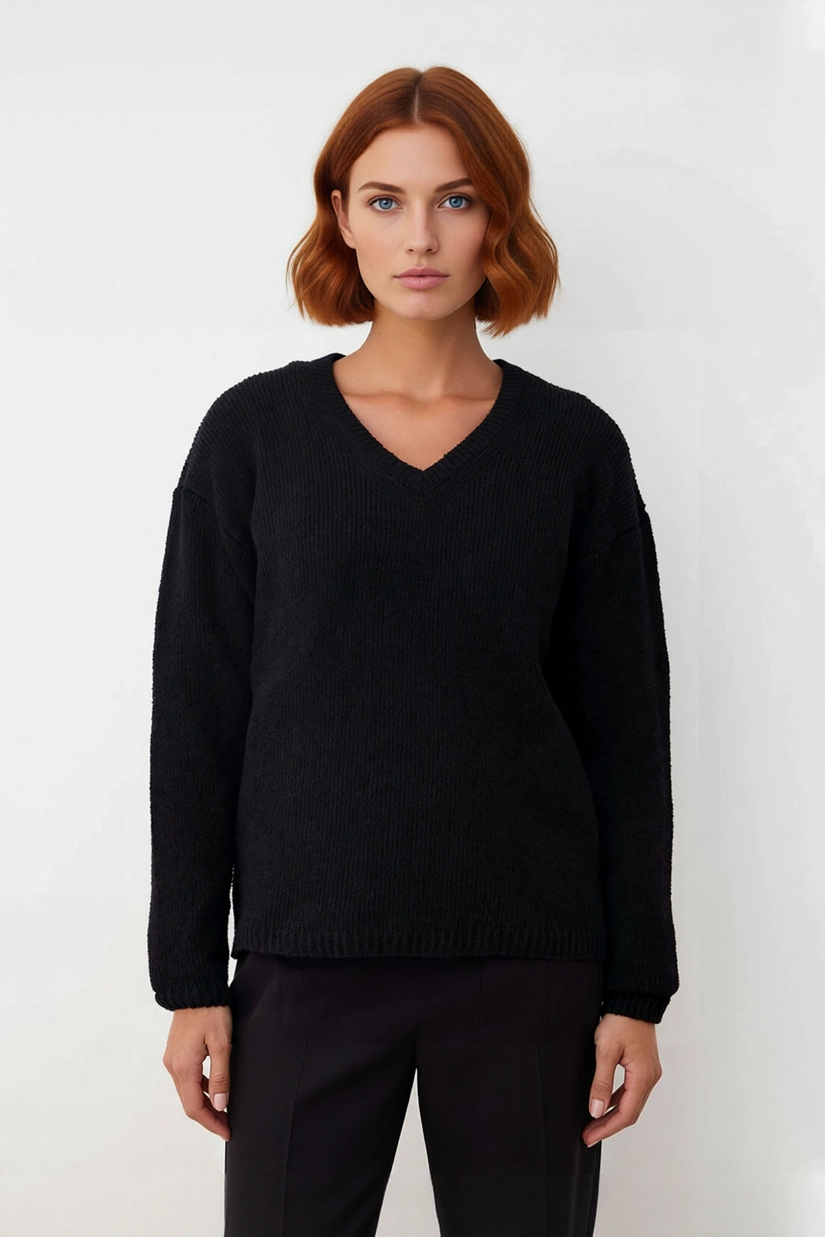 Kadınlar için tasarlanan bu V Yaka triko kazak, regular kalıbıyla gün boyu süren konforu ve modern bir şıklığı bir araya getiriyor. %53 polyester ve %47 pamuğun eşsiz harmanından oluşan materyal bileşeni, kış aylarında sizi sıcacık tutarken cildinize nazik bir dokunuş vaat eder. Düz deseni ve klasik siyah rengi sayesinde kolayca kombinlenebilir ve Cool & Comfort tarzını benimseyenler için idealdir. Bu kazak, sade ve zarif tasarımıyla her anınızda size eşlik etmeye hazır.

---

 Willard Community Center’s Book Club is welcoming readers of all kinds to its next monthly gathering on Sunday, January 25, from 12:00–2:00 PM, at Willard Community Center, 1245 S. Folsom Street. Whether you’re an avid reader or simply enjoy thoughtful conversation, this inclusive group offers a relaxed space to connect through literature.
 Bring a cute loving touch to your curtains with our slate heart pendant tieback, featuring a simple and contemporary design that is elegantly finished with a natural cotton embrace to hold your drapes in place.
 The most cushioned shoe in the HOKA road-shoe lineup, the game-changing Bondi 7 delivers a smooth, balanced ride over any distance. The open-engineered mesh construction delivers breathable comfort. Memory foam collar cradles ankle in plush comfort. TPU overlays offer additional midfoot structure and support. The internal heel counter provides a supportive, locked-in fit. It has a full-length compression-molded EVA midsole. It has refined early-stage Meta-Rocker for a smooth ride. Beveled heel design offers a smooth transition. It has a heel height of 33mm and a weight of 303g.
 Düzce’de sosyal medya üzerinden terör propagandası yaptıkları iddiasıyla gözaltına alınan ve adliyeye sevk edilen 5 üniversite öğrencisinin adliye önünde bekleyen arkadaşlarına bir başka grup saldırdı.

* * *

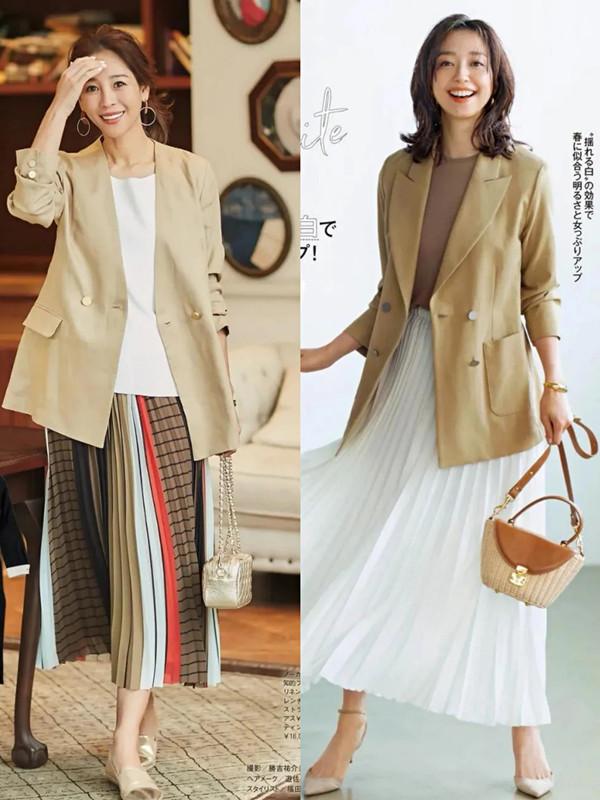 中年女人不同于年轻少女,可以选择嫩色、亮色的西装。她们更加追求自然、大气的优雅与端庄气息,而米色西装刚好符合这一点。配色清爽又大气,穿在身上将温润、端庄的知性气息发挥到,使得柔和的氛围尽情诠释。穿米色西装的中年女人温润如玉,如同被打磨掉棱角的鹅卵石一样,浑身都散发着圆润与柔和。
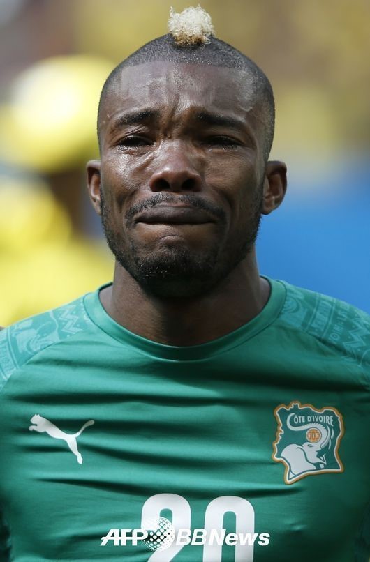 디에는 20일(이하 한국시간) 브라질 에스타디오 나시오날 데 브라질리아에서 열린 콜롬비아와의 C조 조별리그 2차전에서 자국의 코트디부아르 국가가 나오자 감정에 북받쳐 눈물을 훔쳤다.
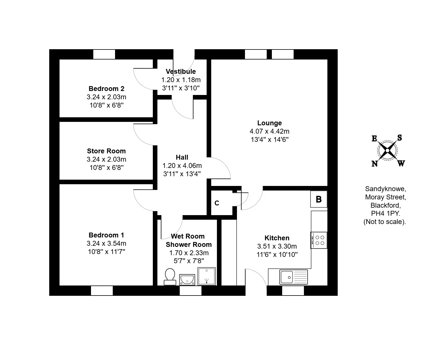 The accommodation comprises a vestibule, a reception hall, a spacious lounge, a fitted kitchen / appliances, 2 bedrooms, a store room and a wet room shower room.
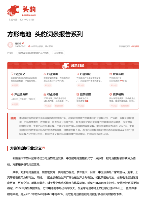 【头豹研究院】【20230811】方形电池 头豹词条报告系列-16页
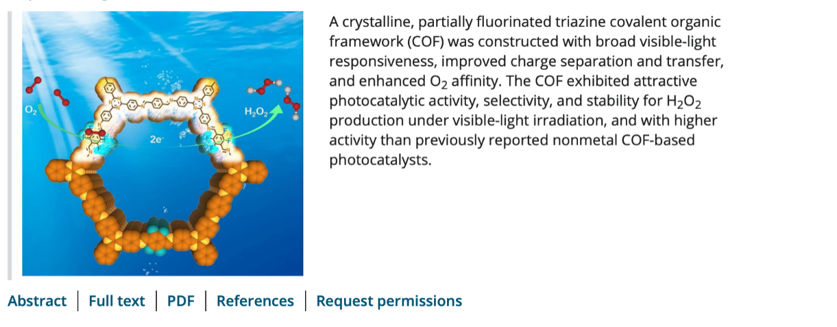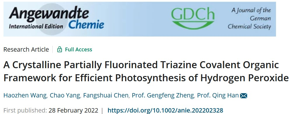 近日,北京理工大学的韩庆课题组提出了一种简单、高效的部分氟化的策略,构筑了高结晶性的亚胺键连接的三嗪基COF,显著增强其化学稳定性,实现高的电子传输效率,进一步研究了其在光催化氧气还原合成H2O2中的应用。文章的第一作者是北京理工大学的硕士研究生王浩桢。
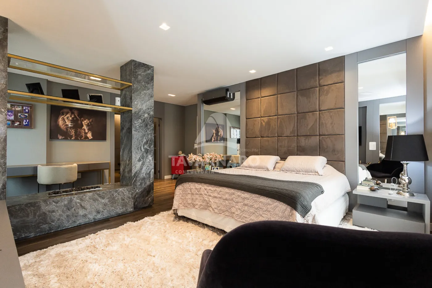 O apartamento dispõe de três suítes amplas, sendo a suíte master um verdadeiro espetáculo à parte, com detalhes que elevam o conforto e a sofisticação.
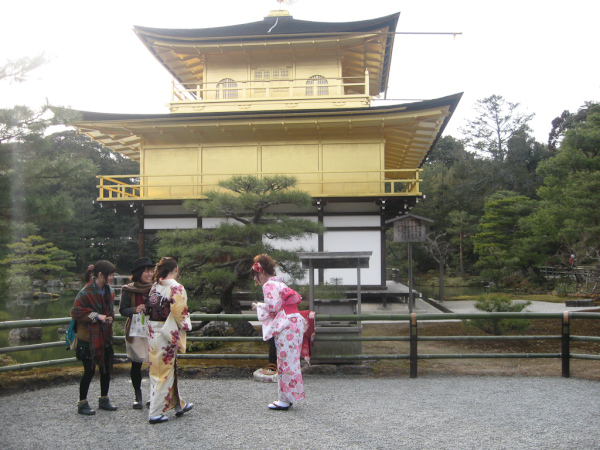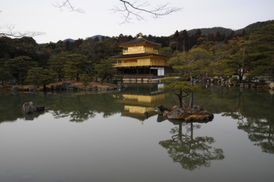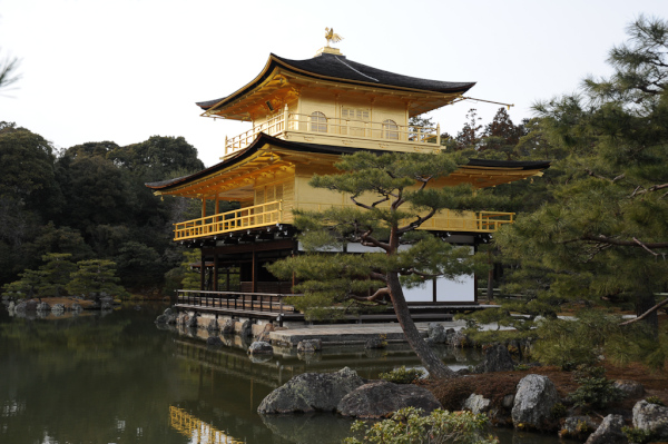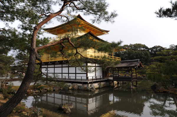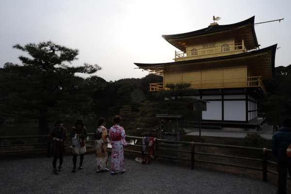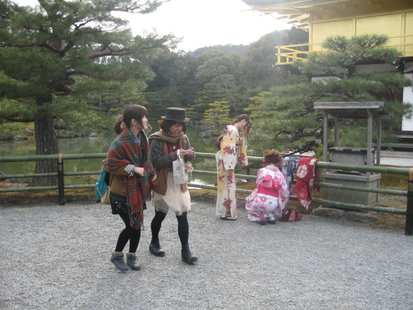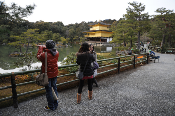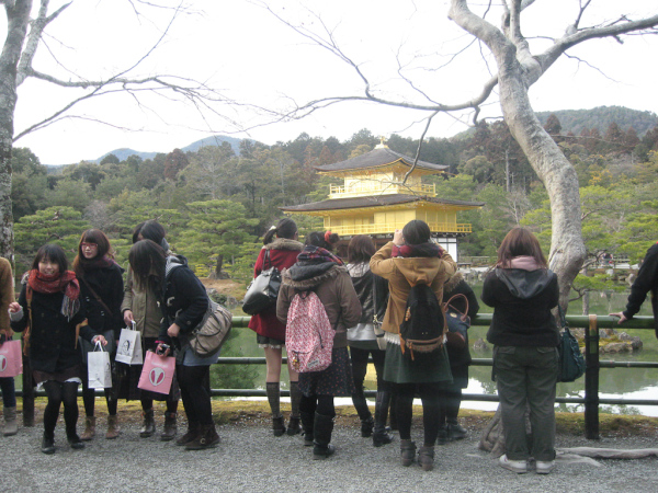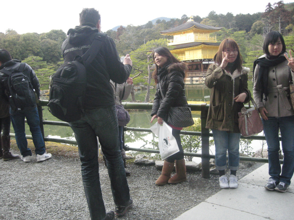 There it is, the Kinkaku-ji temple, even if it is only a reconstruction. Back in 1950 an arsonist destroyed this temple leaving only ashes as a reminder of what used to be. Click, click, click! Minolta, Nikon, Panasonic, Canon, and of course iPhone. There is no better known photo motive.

_What you need to do_.
Take the lines above starting at the one containing "近日,北京理工大学的韩庆课题" and ending at the one containing "O apartamento dispõe", and print them again exactly, without pictures.

_Result of this exercise_.
 近日,北京理工大学的韩庆课题组提出了一种简单、高效的部分氟化的策略,构筑了高结晶性的亚胺键连接的三嗪基COF,显著增强其化学稳定性,实现高的电子传输效率,进一步研究了其在光催化氧气还原合成H2O2中的应用。文章的第一作者是北京理工大学的硕士研究生王浩桢。
 O apartamento dispõe de três suítes amplas, sendo a suíte master um verdadeiro espetáculo à parte, com detalhes que elevam o conforto e a sofisticação.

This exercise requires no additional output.